Stored data |
========

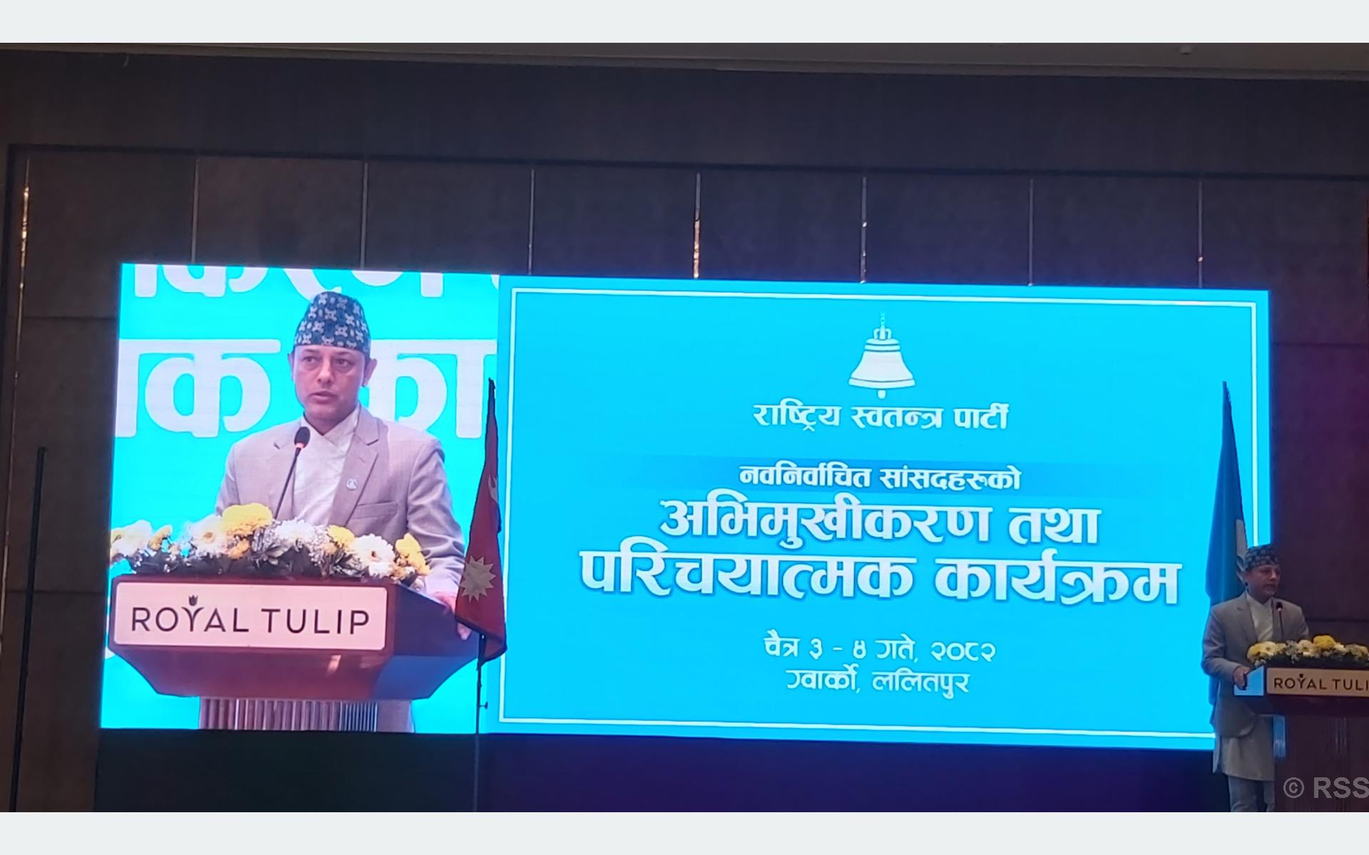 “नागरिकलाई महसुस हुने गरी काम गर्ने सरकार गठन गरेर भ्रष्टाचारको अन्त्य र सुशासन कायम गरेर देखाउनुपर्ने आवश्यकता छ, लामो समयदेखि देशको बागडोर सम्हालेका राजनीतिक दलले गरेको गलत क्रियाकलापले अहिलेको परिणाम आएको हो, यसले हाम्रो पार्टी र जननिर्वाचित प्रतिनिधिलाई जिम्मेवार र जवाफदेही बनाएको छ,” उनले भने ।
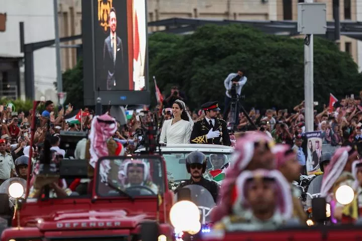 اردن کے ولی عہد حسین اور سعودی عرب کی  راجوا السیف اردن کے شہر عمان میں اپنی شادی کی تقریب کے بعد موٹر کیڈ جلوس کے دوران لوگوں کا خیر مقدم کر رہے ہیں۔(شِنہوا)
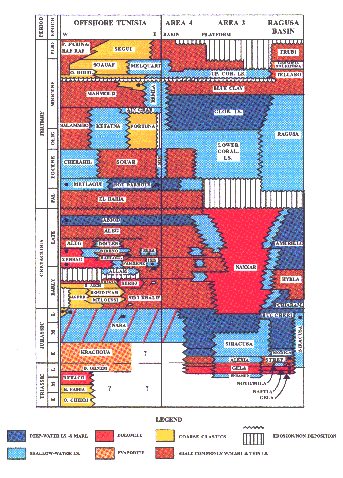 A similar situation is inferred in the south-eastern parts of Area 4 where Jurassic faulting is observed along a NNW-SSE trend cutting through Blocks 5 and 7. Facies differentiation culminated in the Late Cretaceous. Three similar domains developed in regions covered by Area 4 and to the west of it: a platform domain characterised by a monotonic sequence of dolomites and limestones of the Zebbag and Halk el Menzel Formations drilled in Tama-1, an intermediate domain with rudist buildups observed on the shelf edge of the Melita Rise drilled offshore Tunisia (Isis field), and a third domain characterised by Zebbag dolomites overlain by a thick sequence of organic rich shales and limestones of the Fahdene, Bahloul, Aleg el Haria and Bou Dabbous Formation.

========

Exercise | When you set down the material above, keep every word exact and include no pictures.

Output of the exercise |
 “नागरिकलाई महसुस हुने गरी काम गर्ने सरकार गठन गरेर भ्रष्टाचारको अन्त्य र सुशासन कायम गरेर देखाउनुपर्ने आवश्यकता छ, लामो समयदेखि देशको बागडोर सम्हालेका राजनीतिक दलले गरेको गलत क्रियाकलापले अहिलेको परिणाम आएको हो, यसले हाम्रो पार्टी र जननिर्वाचित प्रतिनिधिलाई जिम्मेवार र जवाफदेही बनाएको छ,” उनले भने ।
 اردن کے ولی عہد حسین اور سعودی عرب کی  راجوا السیف اردن کے شہر عمان میں اپنی شادی کی تقریب کے بعد موٹر کیڈ جلوس کے دوران لوگوں کا خیر مقدم کر رہے ہیں۔(شِنہوا)
 A similar situation is inferred in the south-eastern parts of Area 4 where Jurassic faulting is observed along a NNW-SSE trend cutting through Blocks 5 and 7. Facies differentiation culminated in the Late Cretaceous. Three similar domains developed in regions covered by Area 4 and to the west of it: a platform domain characterised by a monotonic sequence of dolomites and limestones of the Zebbag and Halk el Menzel Formations drilled in Tama-1, an intermediate domain with rudist buildups observed on the shelf edge of the Melita Rise drilled offshore Tunisia (Isis field), and a third domain characterised by Zebbag dolomites overlain by a thick sequence of organic rich shales and limestones of the Fahdene, Bahloul, Aleg el Haria and Bou Dabbous Formation.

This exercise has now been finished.